*** Block opens ***

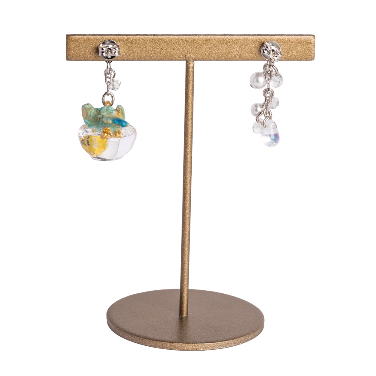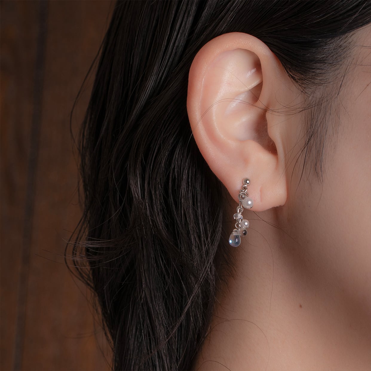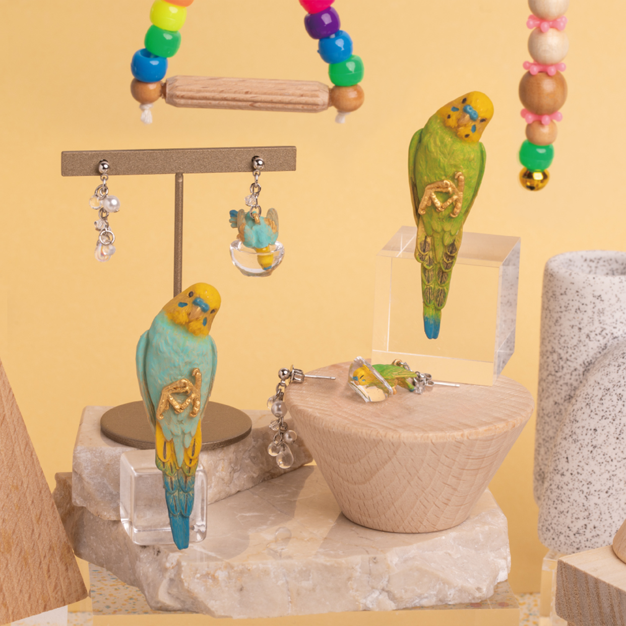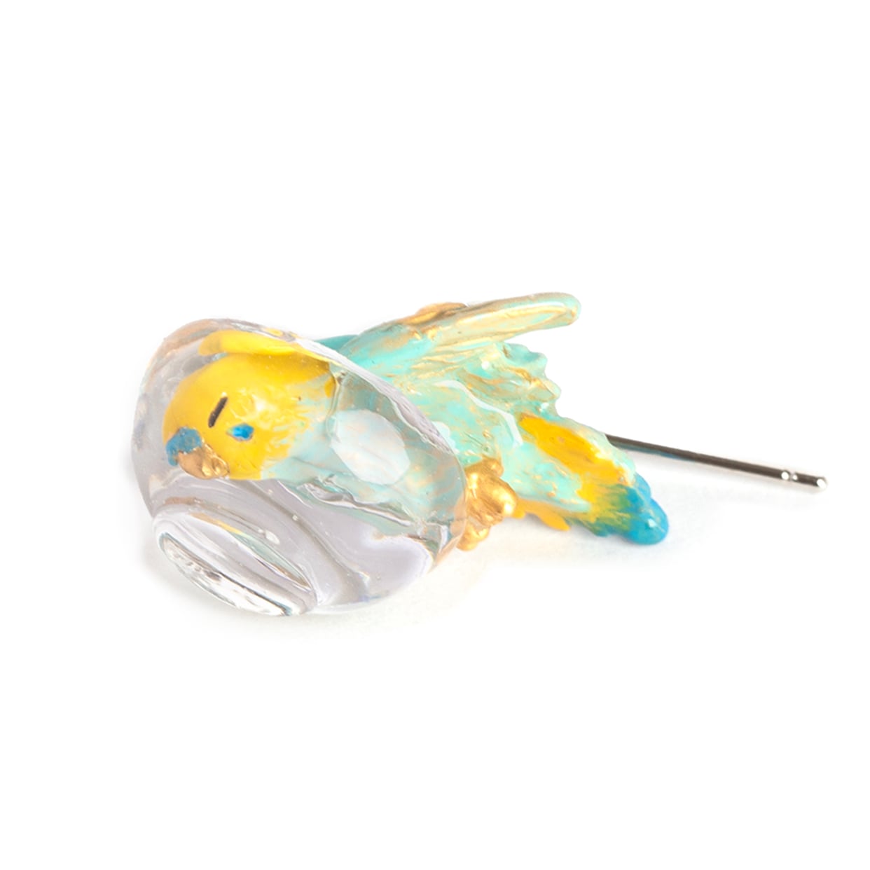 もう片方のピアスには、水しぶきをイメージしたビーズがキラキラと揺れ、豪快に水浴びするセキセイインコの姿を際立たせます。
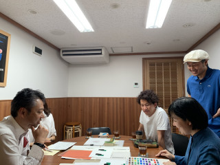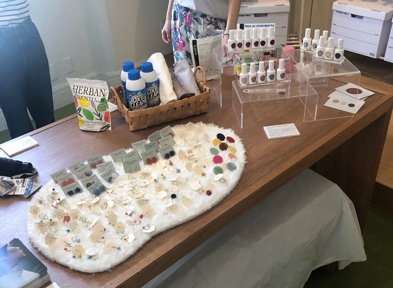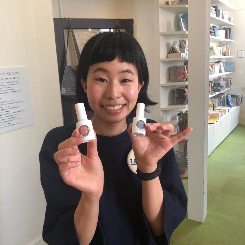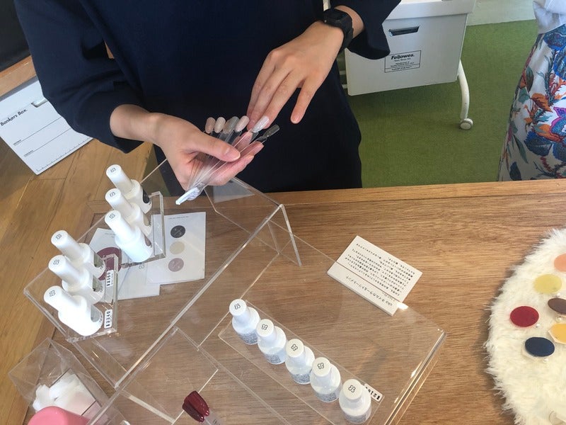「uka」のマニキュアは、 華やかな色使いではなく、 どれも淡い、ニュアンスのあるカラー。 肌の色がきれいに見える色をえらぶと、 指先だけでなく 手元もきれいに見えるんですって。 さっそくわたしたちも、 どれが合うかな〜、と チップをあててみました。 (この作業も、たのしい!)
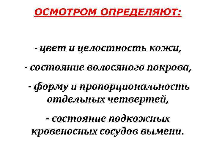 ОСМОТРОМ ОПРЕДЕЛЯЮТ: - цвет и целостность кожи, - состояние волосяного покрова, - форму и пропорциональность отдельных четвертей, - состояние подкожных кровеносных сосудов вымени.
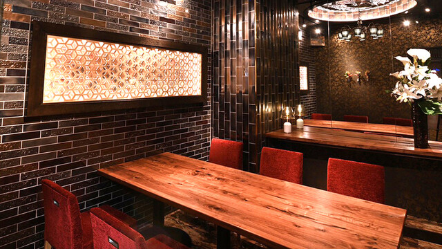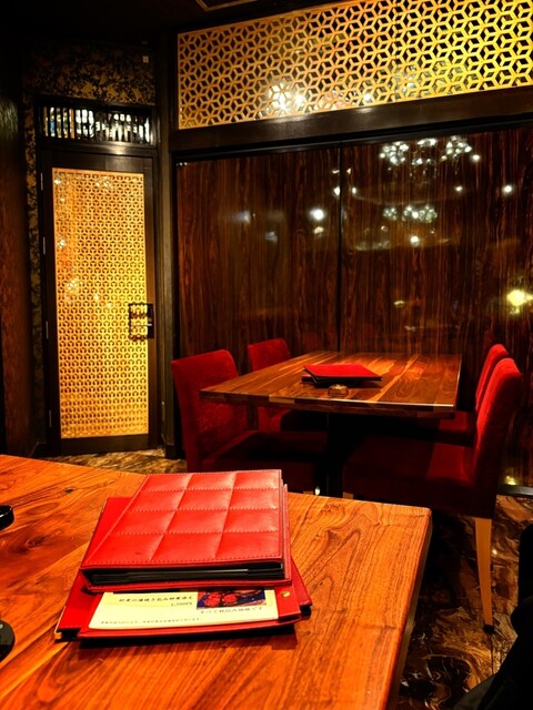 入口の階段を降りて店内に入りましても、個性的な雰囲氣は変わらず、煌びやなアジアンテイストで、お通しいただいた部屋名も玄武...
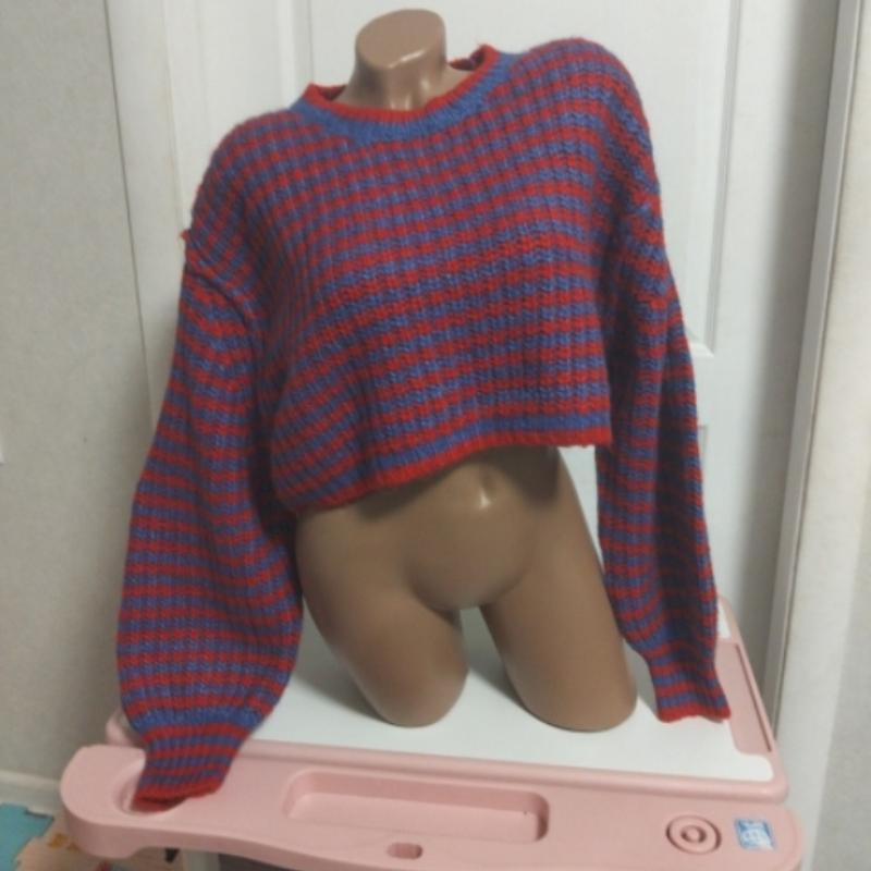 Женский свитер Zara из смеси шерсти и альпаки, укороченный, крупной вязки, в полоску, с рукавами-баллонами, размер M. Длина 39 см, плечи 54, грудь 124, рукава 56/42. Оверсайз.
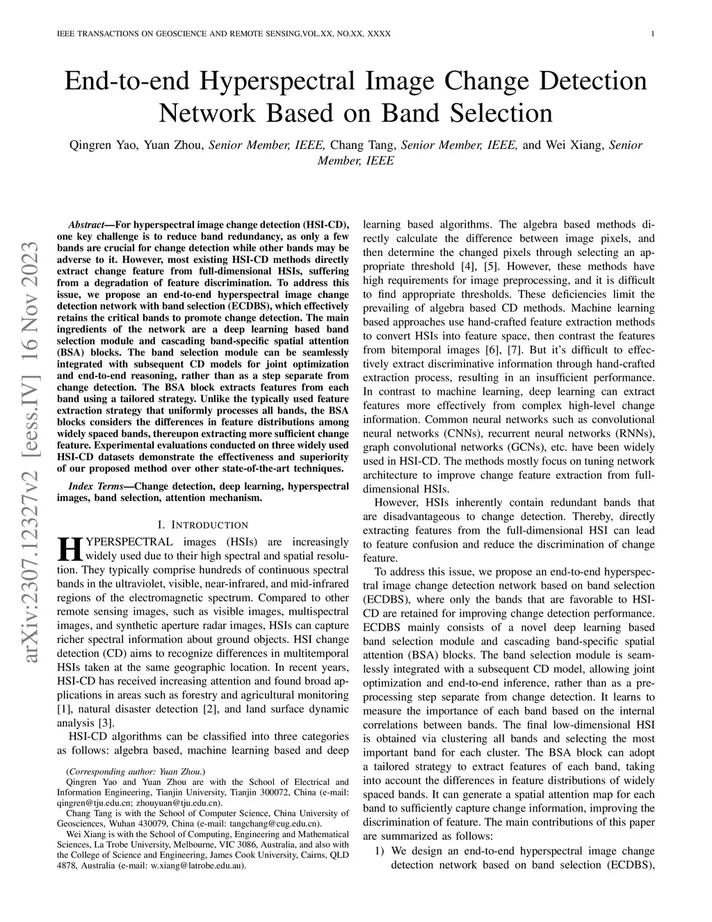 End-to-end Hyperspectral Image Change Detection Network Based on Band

*** Block closes ***

* **PROBLEM DESCRIPTION**:
Exactly as written, repeat the lines from the beginning of the entries up to and including the line with "入口の階段を降りて店内に入り", but not the pictures.

* **ANSWER FOR THE TASK**:
 もう片方のピアスには、水しぶきをイメージしたビーズがキラキラと揺れ、豪快に水浴びするセキセイインコの姿を際立たせます。
「uka」のマニキュアは、 華やかな色使いではなく、 どれも淡い、ニュアンスのあるカラー。 肌の色がきれいに見える色をえらぶと、 指先だけでなく 手元もきれいに見えるんですって。 さっそくわたしたちも、 どれが合うかな〜、と チップをあててみました。 (この作業も、たのしい!)
 ОСМОТРОМ ОПРЕДЕЛЯЮТ: - цвет и целостность кожи, - состояние волосяного покрова, - форму и пропорциональность отдельных четвертей, - состояние подкожных кровеносных сосудов вымени.
 入口の階段を降りて店内に入りましても、個性的な雰囲氣は変わらず、煌びやなアジアンテイストで、お通しいただいた部屋名も玄武...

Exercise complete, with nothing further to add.